Given information:
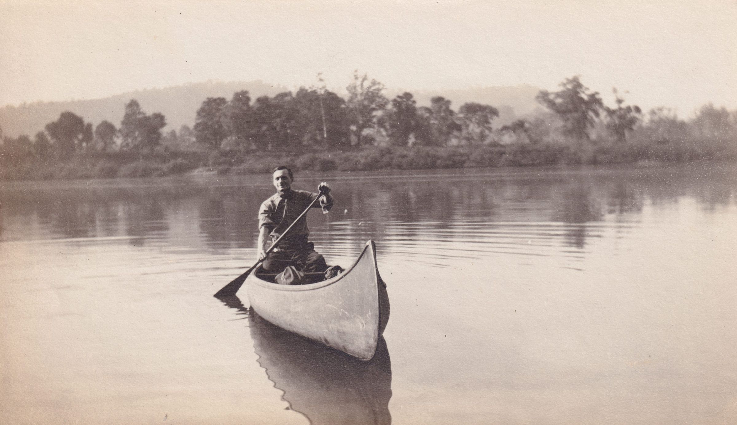 Photograph of William Schuster paddling a canoe. His sleeves are rolled up and his hat sits on the seat in front of him.
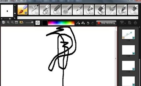 4、现在我们实际操作,我们画一个一笔的“鸟”,调整好和颜色及笔尖的粗细,点击开始录制按钮,点击后开始按钮由圆形变成方形,如图所示:
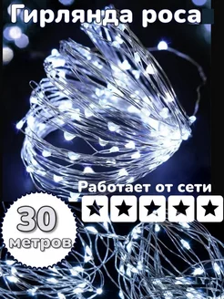 Гирлянда роса, холодный белый, 30 метров - работа от сети
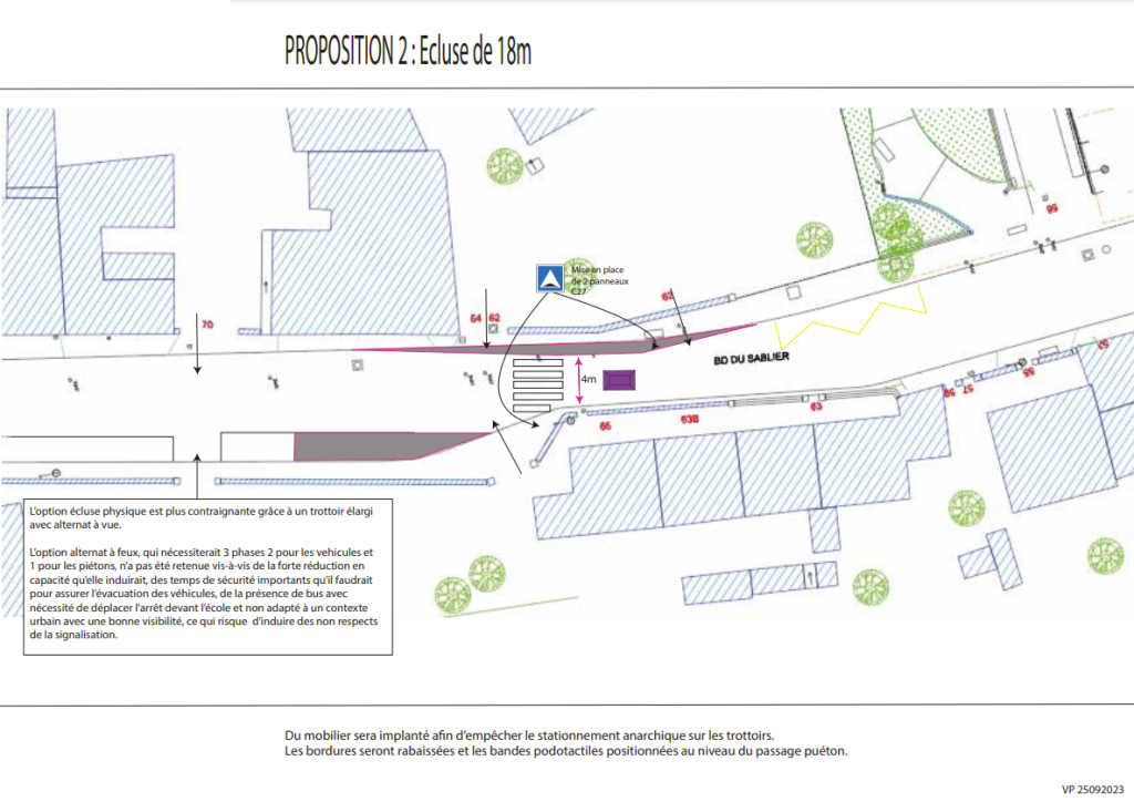 Par ailleurs, nous signalions la dangerosité liée à l’étroitesse des trottoirs du 62 au 102 du Boulevard du Sablier et demandions l’élargissement de ces trottoirs simultanément aux travaux de sécurisation de l’école.

Aim of the exercise:
Retyping is limited to the line with "4、现在我们实际操作,我们画" and the lines after it in the material above; give them exactly and leave out the pictures.

The completed task:
 4、现在我们实际操作,我们画一个一笔的“鸟”,调整好和颜色及笔尖的粗细,点击开始录制按钮,点击后开始按钮由圆形变成方形,如图所示:
 Гирлянда роса, холодный белый, 30 метров - работа от сети
 Par ailleurs, nous signalions la dangerosité liée à l’étroitesse des trottoirs du 62 au 102 du Boulevard du Sablier et demandions l’élargissement de ces trottoirs simultanément aux travaux de sécurisation de l’école.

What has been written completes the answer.